◆ **EXERCISE DESCRIPTION**:
Restate the listing below word for word, and leave its pictures behind.

◆ **THE DATA**:
-.-.-
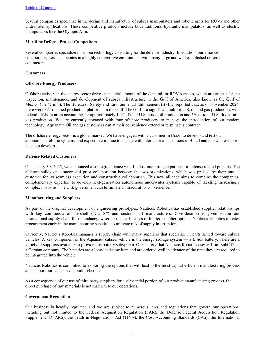 Several companies specialize in the design and manufacture of subsea manipulators and robotic arms for ROVs and other underwater applications. These competitive products include both traditional hydraulic manipulators, as well as electric manipulators like the Olympic Arm. Maritime Defense Project Competitors Several companies specialize in subsea technology consulting for the defense industry. In addition, our alliance collaborator, Leidos, operates in a highly competitive environment with many large and well established defense contractors. Customers Offshore Energy Producers Offshore activity in the energy sector drives a material amount of the demand for ROV services, which are critical for the inspection, maintenance, and development of subsea infrastructure in the Gulf of America, also know as the Gulf of Mexico (the "Gulf"). The Bureau of Safety and Environmental Enforcement (BSEE) reported that, as of November 2024, there were 371 manned production platforms in the Gulf. The Gulf is a significant hub for U.S. oil and gas production, with federal offshore areas accounting for approximately 14% of total U.S. crude oil production and 5% of total U.S. dry natural gas production. We are currently engaged with four offshore producers to manage the introduction of our modern technology, Aquanaut. Oil and gas customers can at their convenience extend or terminate a contract. The offshore energy sector is a global market. We have engaged with a customer in Brazil to develop and test our autonomous robotic systems, and expect to continue to engage with international customers in Brazil and elsewhere as our business develops. Defense Related Customers On January 30, 2025, we announced a strategic alliance with Leidos, our strategic partner for defense related pursuits. The alliance builds on a successful prior collaboration between the two organizations, which was praised by their mutual customer for its seamless execution and constructive collaboration. This new alliance aims to combine the companies’ complementary expertise to develop next-generation autonomous underwater systems capable of tackling increasingly complex missions. The U.S. government can terminate contracts at its convenience. Manufacturing and Suppliers As part of the original development of engineering prototypes, Nauticus Robotics has established supplier relationships with key commercial-off-the-shelf (“COTS”) and custom part manufacturers. Consideration is given within our international supply chain for redundancy, where possible. In cases of limited supplier options, Nauticus Robotics initiates procurement early in the manufacturing schedule to mitigate risk of supply interruption. Currently, Nauticus Robotics manages a supply chain with many suppliers that specialize in parts aimed toward subsea vehicles. A key component of the Aquanaut subsea vehicle is the energy storage system — a Li-ion battery. There are a variety of suppliers available to provide this battery subsystem. One battery that Nauticus Robotics uses is from SubCTech, a German company. The batteries are a long-lead-time item and are ordered well in advance of the time they are required to be integrated into the vehicle. Nauticus Robotics is committed to exploring the options that will lead to the most capital-efficient manufacturing process and support our sales-driven build schedule. As a consequence of our use of third party suppliers for a substantial portion of our product manufacturing process, the direct purchase of raw materials is not material to our operations. Government Regulation Our business is heavily regulated and we are subject to numerous laws and regulations that govern our operations, including but not limited to the Federal Acquisition Regulation (FAR), the Defense Federal Acquisition Regulation Supplement (DFARS), the Truth in Negotiations Act (TINA), the Cost Accounting Standards (CAS), the International Table of Contents 4
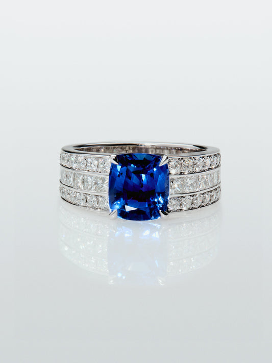 18K white gold ring with cushion-cut royal blue sapphire of 3.217 cts, 50 brilliant-cut diamonds with a total of 1.05 cts and 8 princess-cut diamonds with a total of 0.48 cts
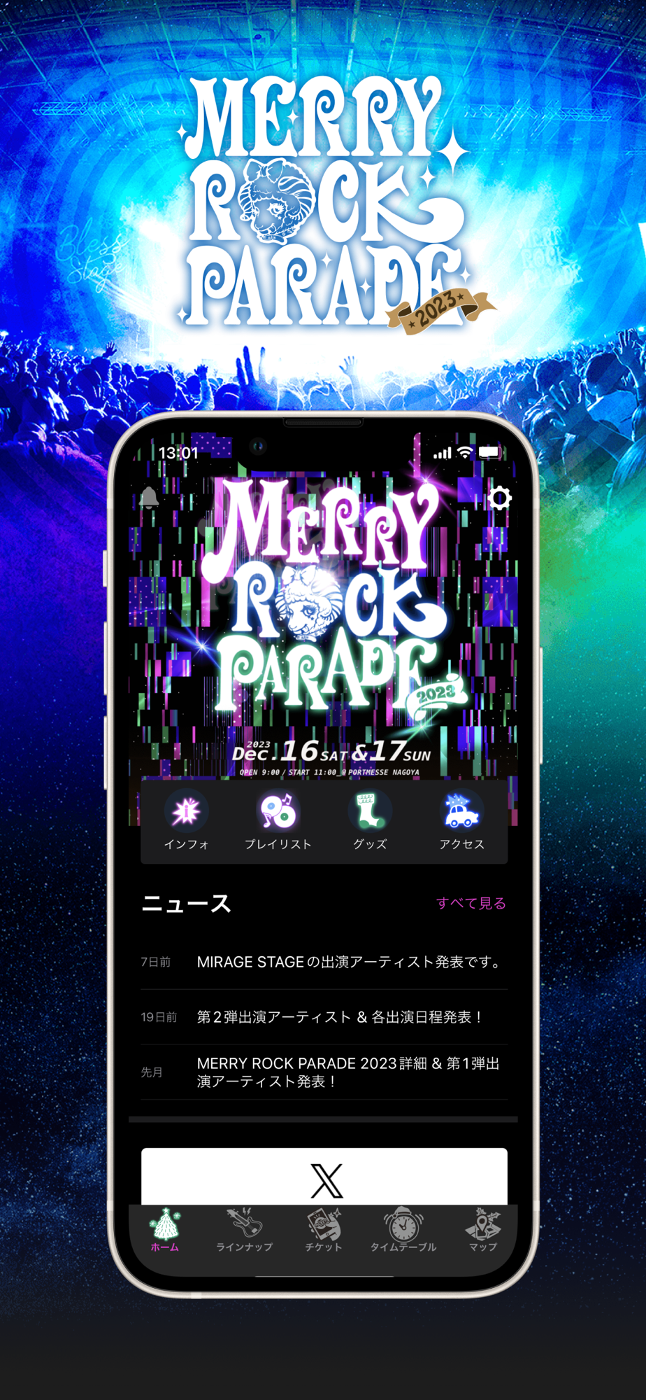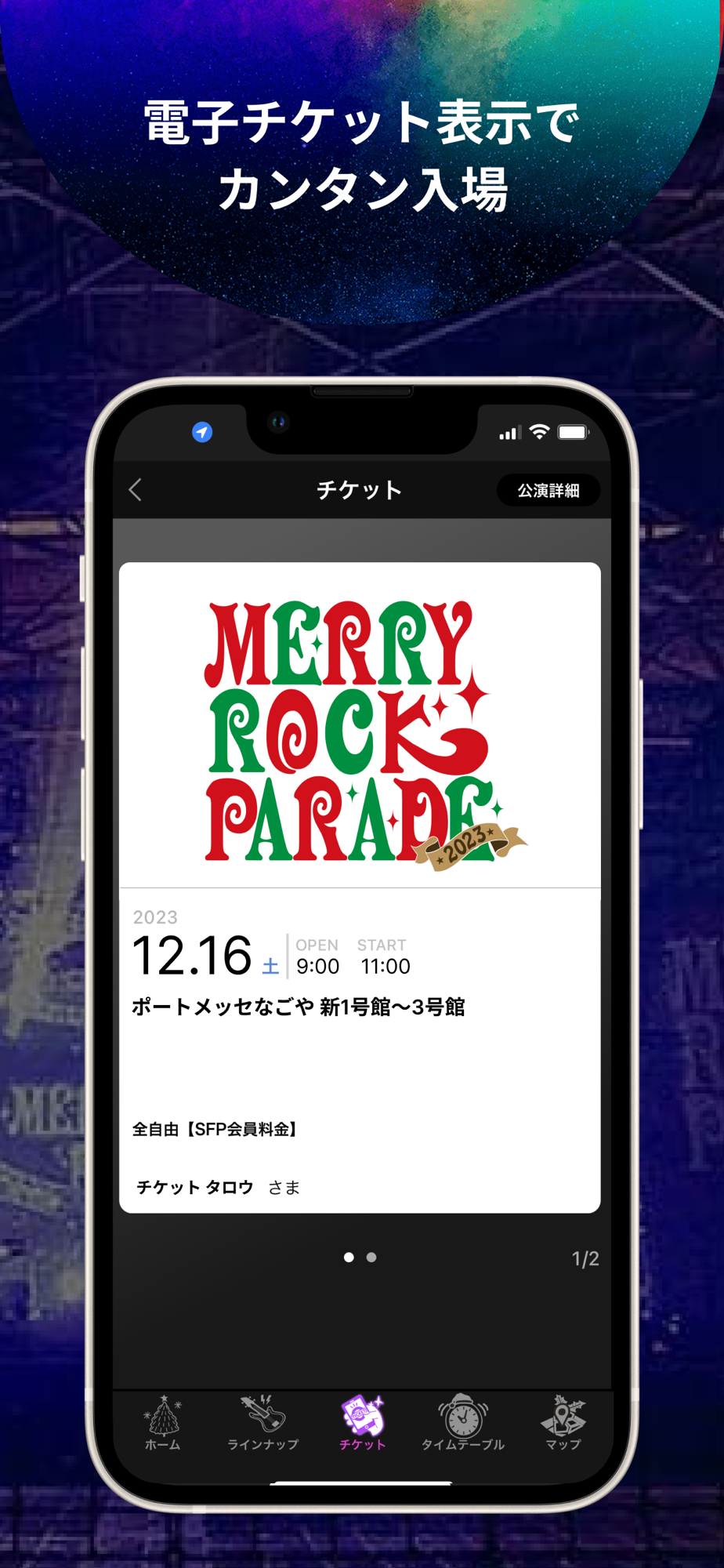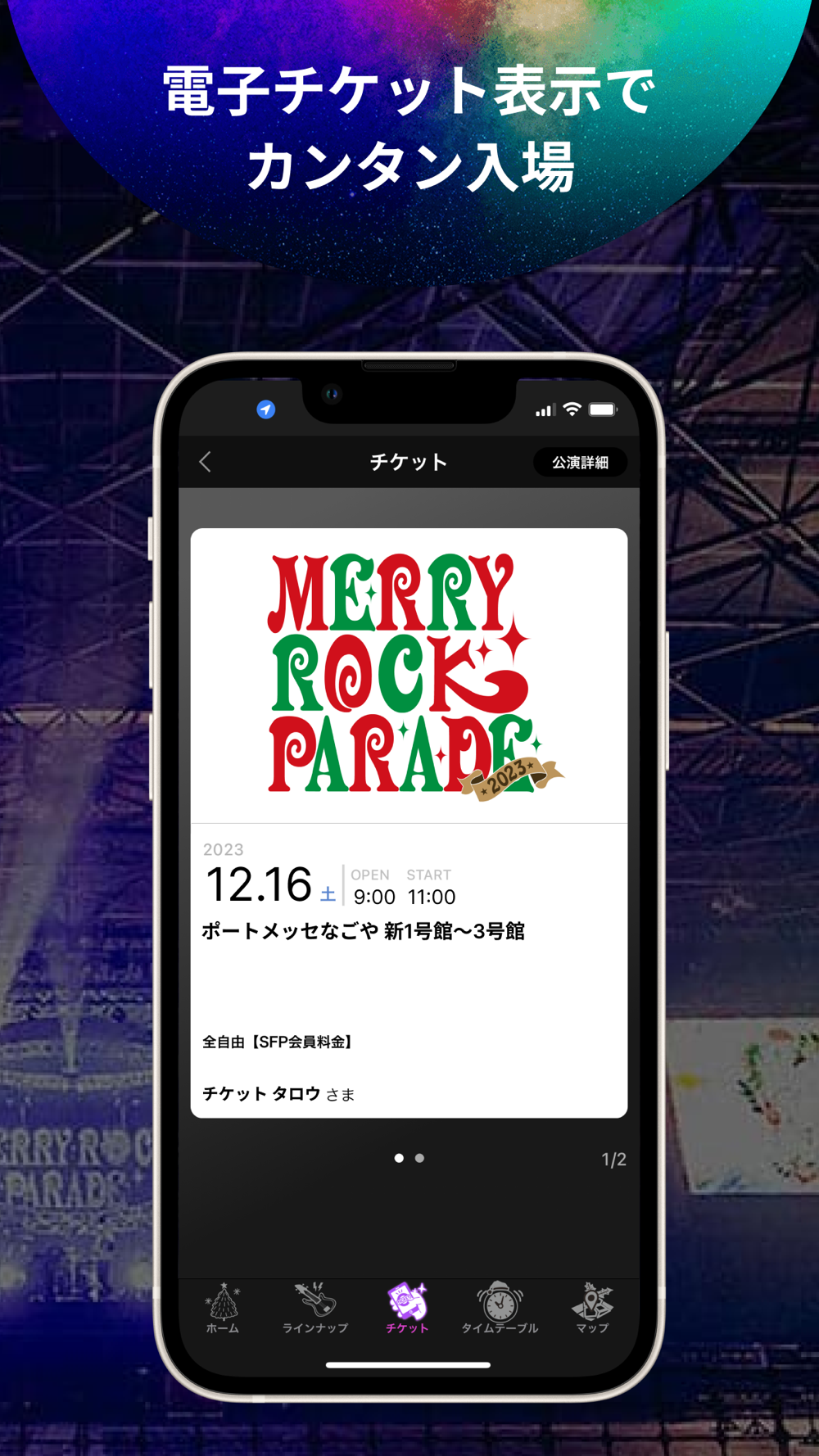 出演アーティストやタイムテーブル、チケットの発券・入場、会場マップやインフォメーションなど、イベントを便利に楽しむための情報・機能を搭載したアプリです。
-.-.-
◆ **RESPONSE BELOW**:
 Several companies specialize in the design and manufacture of subsea manipulators and robotic arms for ROVs and other underwater applications. These competitive products include both traditional hydraulic manipulators, as well as electric manipulators like the Olympic Arm. Maritime Defense Project Competitors Several companies specialize in subsea technology consulting for the defense industry. In addition, our alliance collaborator, Leidos, operates in a highly competitive environment with many large and well established defense contractors. Customers Offshore Energy Producers Offshore activity in the energy sector drives a material amount of the demand for ROV services, which are critical for the inspection, maintenance, and development of subsea infrastructure in the Gulf of America, also know as the Gulf of Mexico (the "Gulf"). The Bureau of Safety and Environmental Enforcement (BSEE) reported that, as of November 2024, there were 371 manned production platforms in the Gulf. The Gulf is a significant hub for U.S. oil and gas production, with federal offshore areas accounting for approximately 14% of total U.S. crude oil production and 5% of total U.S. dry natural gas production. We are currently engaged with four offshore producers to manage the introduction of our modern technology, Aquanaut. Oil and gas customers can at their convenience extend or terminate a contract. The offshore energy sector is a global market. We have engaged with a customer in Brazil to develop and test our autonomous robotic systems, and expect to continue to engage with international customers in Brazil and elsewhere as our business develops. Defense Related Customers On January 30, 2025, we announced a strategic alliance with Leidos, our strategic partner for defense related pursuits. The alliance builds on a successful prior collaboration between the two organizations, which was praised by their mutual customer for its seamless execution and constructive collaboration. This new alliance aims to combine the companies’ complementary expertise to develop next-generation autonomous underwater systems capable of tackling increasingly complex missions. The U.S. government can terminate contracts at its convenience. Manufacturing and Suppliers As part of the original development of engineering prototypes, Nauticus Robotics has established supplier relationships with key commercial-off-the-shelf (“COTS”) and custom part manufacturers. Consideration is given within our international supply chain for redundancy, where possible. In cases of limited supplier options, Nauticus Robotics initiates procurement early in the manufacturing schedule to mitigate risk of supply interruption. Currently, Nauticus Robotics manages a supply chain with many suppliers that specialize in parts aimed toward subsea vehicles. A key component of the Aquanaut subsea vehicle is the energy storage system — a Li-ion battery. There are a variety of suppliers available to provide this battery subsystem. One battery that Nauticus Robotics uses is from SubCTech, a German company. The batteries are a long-lead-time item and are ordered well in advance of the time they are required to be integrated into the vehicle. Nauticus Robotics is committed to exploring the options that will lead to the most capital-efficient manufacturing process and support our sales-driven build schedule. As a consequence of our use of third party suppliers for a substantial portion of our product manufacturing process, the direct purchase of raw materials is not material to our operations. Government Regulation Our business is heavily regulated and we are subject to numerous laws and regulations that govern our operations, including but not limited to the Federal Acquisition Regulation (FAR), the Defense Federal Acquisition Regulation Supplement (DFARS), the Truth in Negotiations Act (TINA), the Cost Accounting Standards (CAS), the International Table of Contents 4
 18K white gold ring with cushion-cut royal blue sapphire of 3.217 cts, 50 brilliant-cut diamonds with a total of 1.05 cts and 8 princess-cut diamonds with a total of 0.48 cts
 出演アーティストやタイムテーブル、チケットの発券・入場、会場マップやインフォメーションなど、イベントを便利に楽しむための情報・機能を搭載したアプリです。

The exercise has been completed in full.